In total, 86 patients were included from May to December 2021 (). Among them, 8 were excluded from the study: 2 because of the lack of a final pathological diagnosis and 6 because of uncertainty about the time-interval calculation. For the remaining 78 patients, 18 had a benign tumor and 60 a malignant tumor. Main data are summed in Figure S2 in .
Patients With Nonbenign STT
General Patient Characteristics
We collected data for 60 patients diagnosed with sarcoma or a locally malignant tumor (). Of the 60 patients in the cohort, 33 (55%) were women. The median age was 60.5 (IQR 21-92) years, with only 6 (10%) aged >30 years. According to medical histories, 10 (17%) patients had a history of 1 or more cancers, including 3 cases of prostate cancer, 2 cases of breast cancer, 3 cases of skin basal cell carcinoma, 2 cases of colorectal cancer, 1 case of endometrial cancer, and 1 case of T-cell lymphoma. There was 1 (2%) patient who had a genetic predisposition toward sarcoma due to neurofibromatosis 1.

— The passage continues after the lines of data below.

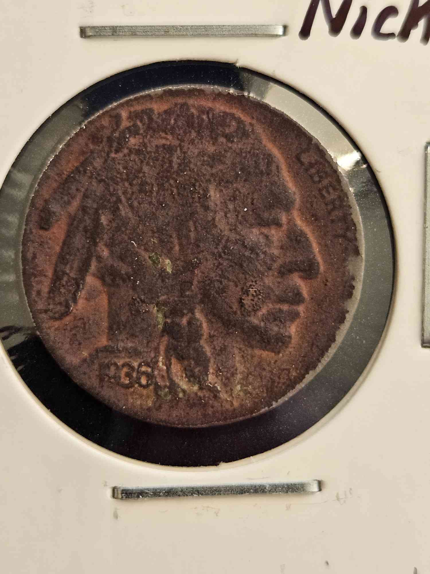 This Buffalo Nickel was minted in 1936, The Mint is unknown. I found this in the reject cup at my local supermarket, which contained things rejected by the self-checkouts and Coinstar machine. Someone tried using this to spend with, but now it can be yours to keep and display.
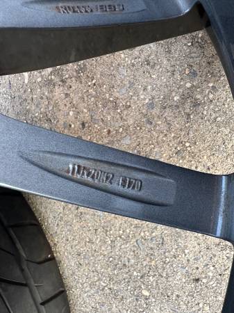 Rear Wheel: Part #: 99136216630 Size: 11Jx 20" Offset: 70mm. Tire Details: Nitto NT555 G2 305/30/20" 80% tire tread. All tires have DOT year 2019. no dry rot, no cracking. no issues.
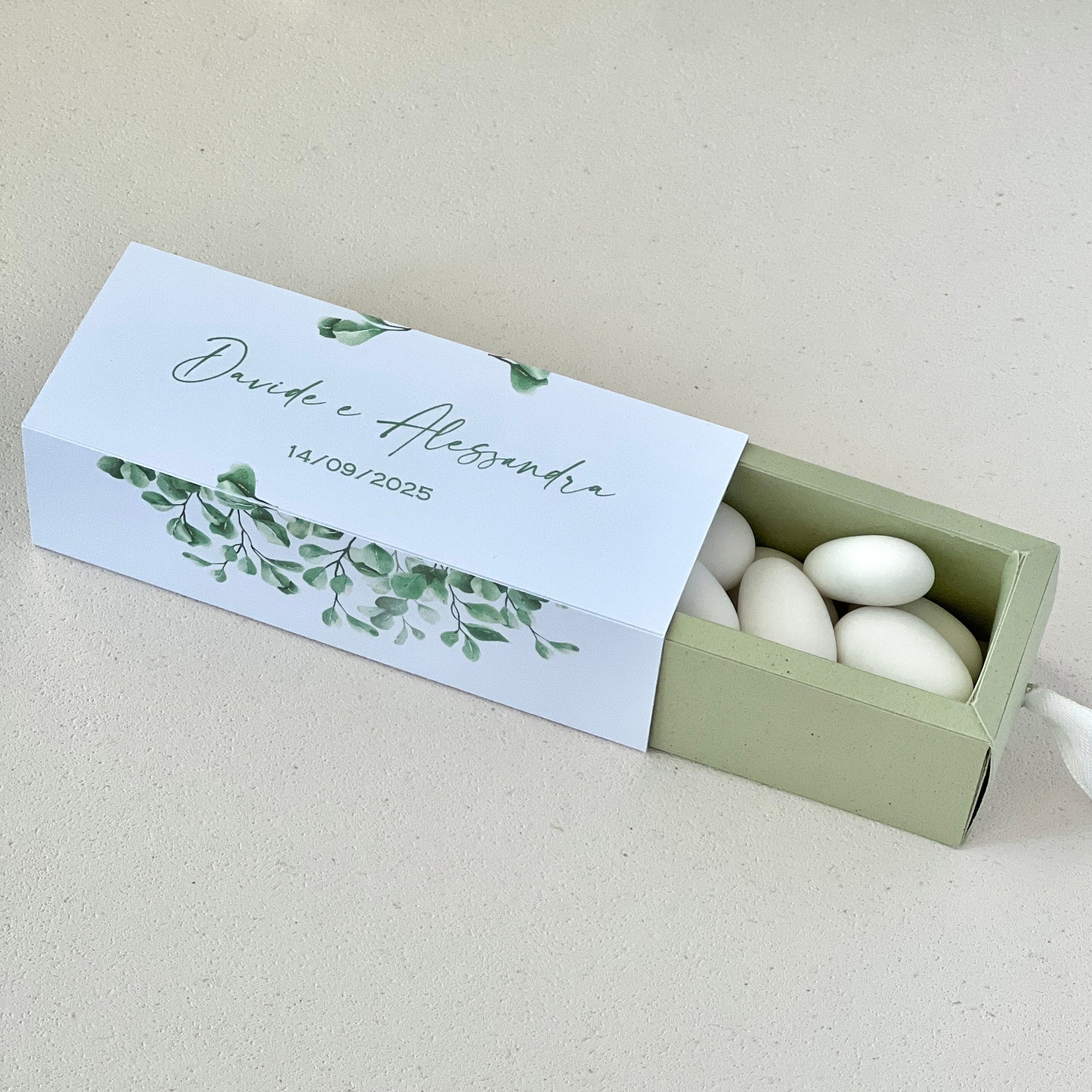 Scatolina Matrimonio Green Sage – 10×3×3 cm Interno in Cartoncino Riciclato Verde Salvia | Personalizzata | Bomboniera Personalizzata
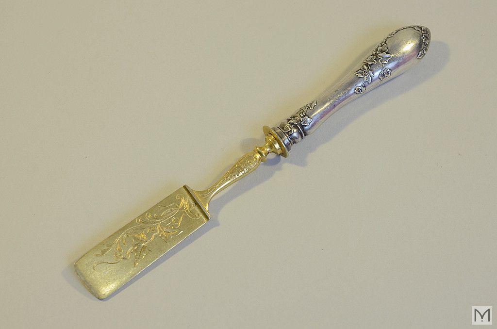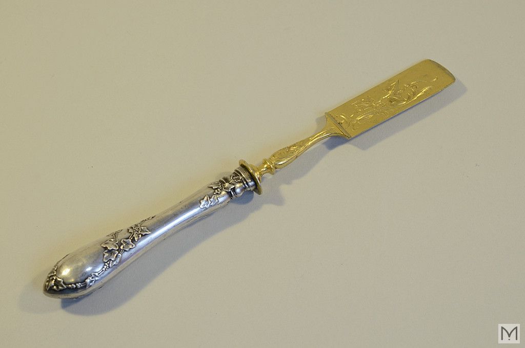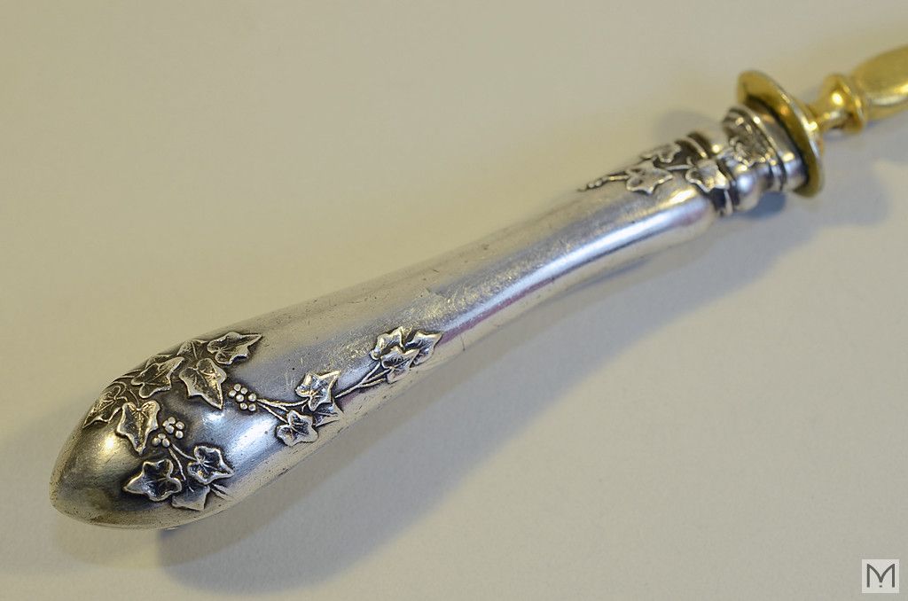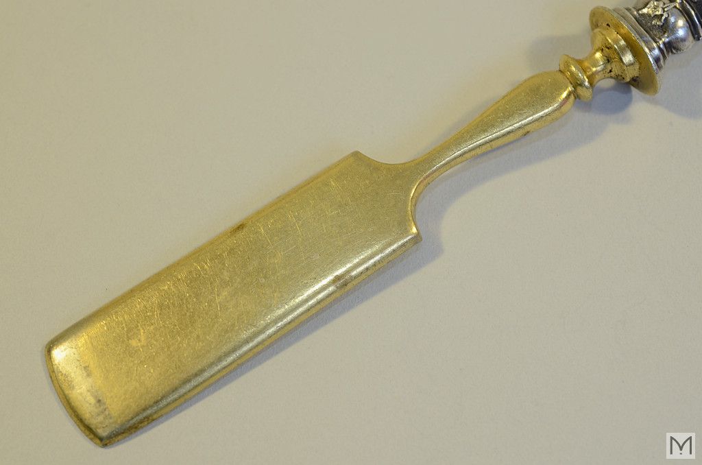 Antique European Condiment Spade - Parcel Gilt with Hallmarked? Silver Handle. Ivy/Grape Leaf Design. Marks are very difficult to decipher, due to location: where spade meets handle in design.
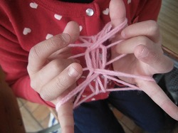 なかには,こんな「あやとり」(?)も! 「三角ができました!」と! T.Yさん。なるほどですね。ちょっと,指でお手伝いもしました。(^o^)/

The median distance between the patient’s hometown and the nearest expert center was 69 (IQR 1-1103) km. Only 1 patient was not referred to the nearest expert center owing to personal choice.
The histological subtype distribution was as expected. Of the 60 patients, 15 (25%) were diagnosed with liposarcoma, including 7 (12%) cases of atypical lipomatous tumors/well-differentiated liposarcoma; 9 (15%) had leiomyosarcoma; 6 (10%) had undifferentiated pleomorphic sarcoma; and 6 (5%) had desmoid-type fibromatosis. Additionally, 15 (25%) cases were grouped as “other histological subtypes” (including extraskeletal Ewing sarcoma, extraskeletal osteosarcoma, gastrointestinal stromal tumor, perivascular epithelioid cell tumor, giant cell tumor, synovial sarcoma, angiosarcoma, and clear-cell sarcoma).
The median tumor size was 90 (IQR 10-450) mm; 10 tumors were not palpable. Regarding location, 26 (43%) tumors were in the limbs, and 25 (42%) were in the trunk (including the pelvis, mediastinum, retroperitoneum, and paratesticular spermatic cord); 9 (15%) patients had a tumor of the thoracic or abdominal wall. Initial clinical signs reported by patients were tumor growth (n=40, 67%), pain (n=25, 42%), and STT stiffness (n=9, 15%).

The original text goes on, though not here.